National Sector Conference
1200 CUPE delegates attended the historic National Sector conference in early October in Toronto. The event was the first of its kind in our history. I had the chance to go to each of the eleven (11) different sector meetings over the course of the three days and if there is one thing I can say, it is this: CUPE members and staff are very dedicated and understand the issues and attacks that we are facing in our workplaces and communities.
Guest speaker AFSCME President Lee Saunders reminded us that these attacks are the biggest that most of us in the labour movement have witnessed in our lifetime. Saunders described them as attacks on our very existence and called on us to: remember our values, reach back to bring up those who are behind us, activate our members by going back to basics, and to always find ways to reenergise ourselves and our movement.
This fall has been a very busy election season. We are extremely proud that thousands of CUPE activists across the country got involved in the provincial in New Brunswick and in municipal elections in Manitoba, Ontario, Prince Edward Island and British Columbia. Almost three dozen CUPE members ran for political office this year; we are very proud of them all. We are still processing the requests from across the country for the CUPE National contribution of $750 towards each of these members’ campaigns.
In the budget proposed for 2015 you will see that we have dedicated significant resources to engaging our members in the political process as well as building support for our key campaigns - Healthcare, Childcare, Improving Retirement Security and Good Jobs. On our recent All President’s conference call, 79% of you committed to bring members to participate in CUPE sponsored election readiness training in 2015. These preparations are well underway.

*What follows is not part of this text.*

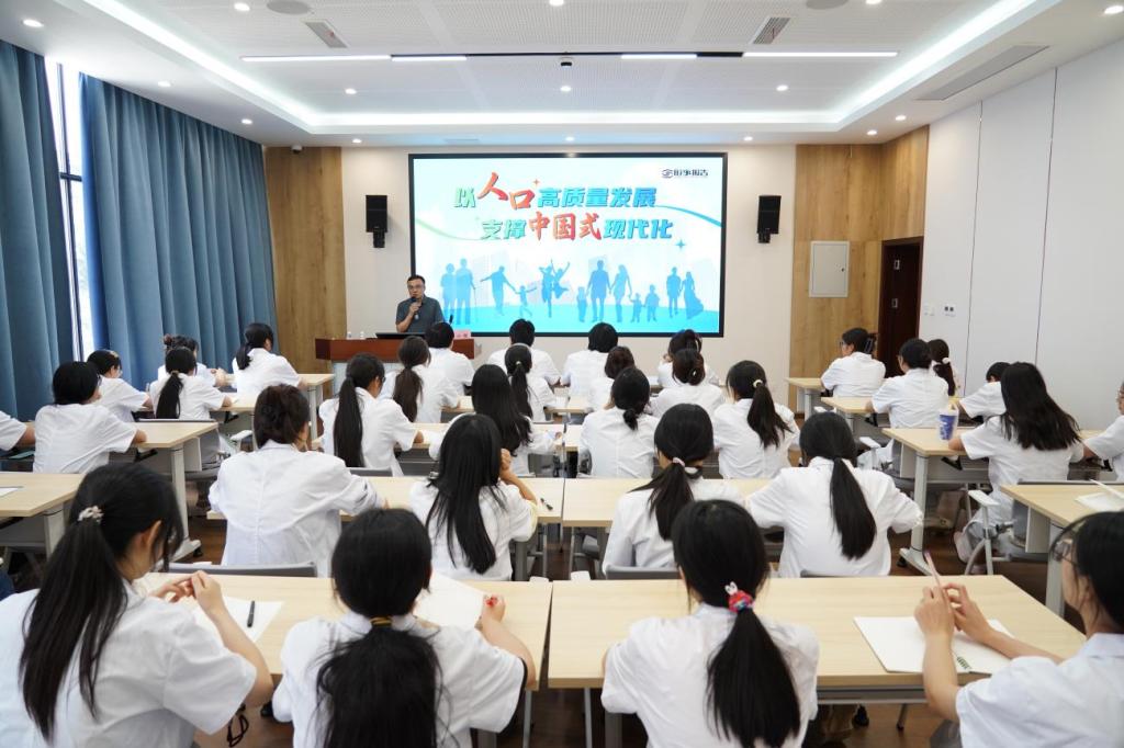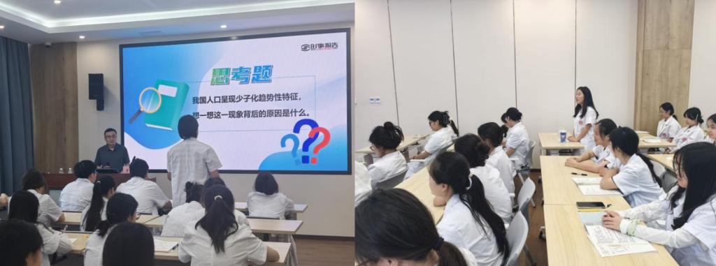 罗小强引导同学们辩证地看待人口问题。他强调,人口问题是一个复杂的系统性问题,不能简单地只看某一个方面。人口负增长虽然会带来劳动力减少、消费市场萎缩等挑战,但能推动产业升级和技术创新,促使经济发展从依赖劳动力数量向依靠劳动力质量转变。他重点讲解了推进人口高质量发展的相关内容,引导同学们关注国家人口发展战略,将个人的成长与国家的需求紧密结合起来。

At our last convention the CUPE delegates gave us the mandate not just to work to defeat Harper, but also to work to elect Canada’s first federal New Democrat government. We cannot forget that as well as many other anti-worker moves, the Liberals raided the Employment Insurance fund, cut transfers to the provinces and were mired in corruption.
Yes Brothers and Sisters, when the federal election comes around in 2015, each of us will get out to vote, but we will also make sure our friends, family and colleagues do the same. We must act together to make a difference in this upcoming election.
Preparing for Budget 2015
Over the past month I have conducted an extensive budget consultation process across the country. I began this process with a commitment to the principle of developing a budget that meets all of our needs in a fair and transparent way. As we know, CUPE’s financial growth is slowing down due to wage restraints and attrition. Although our revenue increases are more limited than at other times in our history, we are on a solid financial foundation that we will safeguard by working within our means. The budget and the financial statements that I will present at the National Executive Board reflect this commitment.
FINANCIAL STATEMENTS FOR THE QUARTER ENDED SEPTEMBER 30, 2014
The total assets in the General Fund at September 30, 2014 were $191.9 million compared to $187.4 million at June 30, 2014 and $183.7 million at December 31, 2013. The bank balance at September 30, 2014 was $10.3 million compared to $8.0 million at June 30, 2014 and $10.2 million at December 31, 2013. The bank balance includes various internal cash reserves for the 2015 convention, a property management reserve, the Regional Building Fund, retirement payouts and future benefit funding.
Fixed assets have remained relatively static during the quarter. The building envelope replacement work on the Ontario Regional Office is now complete. Invoices are still being processed and the project will come in on budget. Additionally, we have undertaken to replace our computer equipment through the upgrade of laptops and desktops older than three years and we continue to make progress on the development of various technology software programs which are of a capital nature. The project to develop and implement an Electronic Document and Records Management System is progressing, as is the project to upgrade the LUIS (Local Union Information System) system.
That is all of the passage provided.